Boyut kelimesi, yalnızca birkaç misâl vermiş olmak için, bugünlerde, meselâ:

Zaman içinde ortaya çıkan hareketler ve fikirler (İslâm’ın, ayrıca, siyâsi ve mistik boyutlarını da göz ardı edemeyiz),

Sebep (Akkuyu nükleer santral ihalesinin Bakanlar Kurulu tarafından iptâlinin başka boyutları da var)

Hakaret ve küfür (O, zâten, tek boyutlu bir heriftir!)

Veçhe (İşin ekonomik boyutundan başka bir de sosyal boyutu bulunmaktadır)

Görünüş (Eiffel Kulesi, 1889 yılından beri, Paris’e yeni bir boyut kazandırmıştır)

Kapsam ya da bağlam (Konuyu bu boyutta ele almak bizi nereye götürür?)

Değişken ya da parametre (Türkiye’nin Avrupa Birliği’ne katılması kararı, konu bütün boyutlarıyla tartışılmadan alınmamalıdır!)

Gayb âlemi (Ufolar Dünyâ’mıza bir başka boyuttan gelmektedirler.)

ihtimâl (Acemi sürücülerin kaza boyutu yüksektir)

Hacım (Her cesur girişimci işinin boyutunu arttırır) anlamlarında da kullanılmaktadır.
Kelime hazînesinin kıtlığından ya da entelektüel görünmek eğiliminden kaynaklanan bu kavram kargaşası yalnızca avâma has bir davranış değildir, nitekim:

1) pek çok kelli felli bilim adamı dahî, İlmî ürün vermekte zorlandıkları zaman, boyut kavramını deforme ederek nice marjinal ve dolayısıyla irrasyonel fikirler ileri sürmüşler;

2) ya da bu zevatı yorumlayanlar, meselenin künhünü idrâk edemediklerinden konuyu, kendi vehimleri uyarınca, isabetsiz bir şekilde deforme etmişlerdir.
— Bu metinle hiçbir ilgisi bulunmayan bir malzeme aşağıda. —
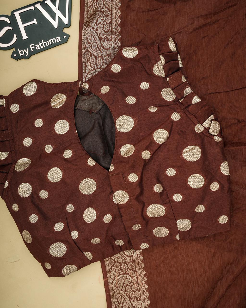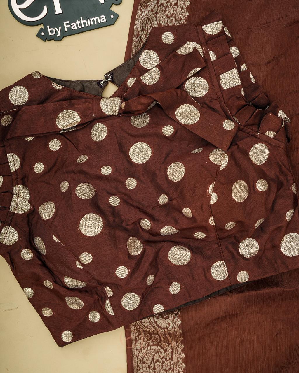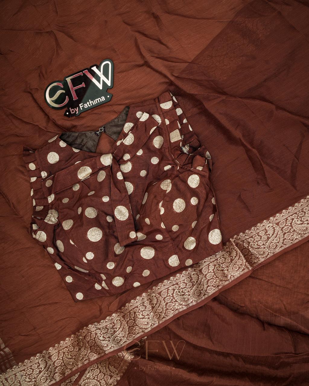 Warning: Prepare for endless stares and compliments in this dreamy saree! Soft chinon silk that feels like a whisper and drapes like a dream, complete with a gorgeous border and a polka dot silk blouse for that extra touch of elegance.

İlim doğru ve isabetli tanımlarla başlar. Bu tanımların:

1) açık,

2) seçik ve de

3) bilimsel olmaları gerekir.

Bu tanımlardan hareket etmek konunun objektif bir zeminde kalmasını sağlar, insanlar:
1) tanımlar üzerinde anlaşamazlarsa, ve
2) kendi idrâklerinde açık ve seçik olmayan kavramların muğlaklığını bilimselmiş gibi vehmederlerse lâf salatası tâbir edilen fuzûlî dedikodular yaparlar. Çoğu kere bu tanımlar kargaşasına, maalesef, resmî kurumlar da katılır.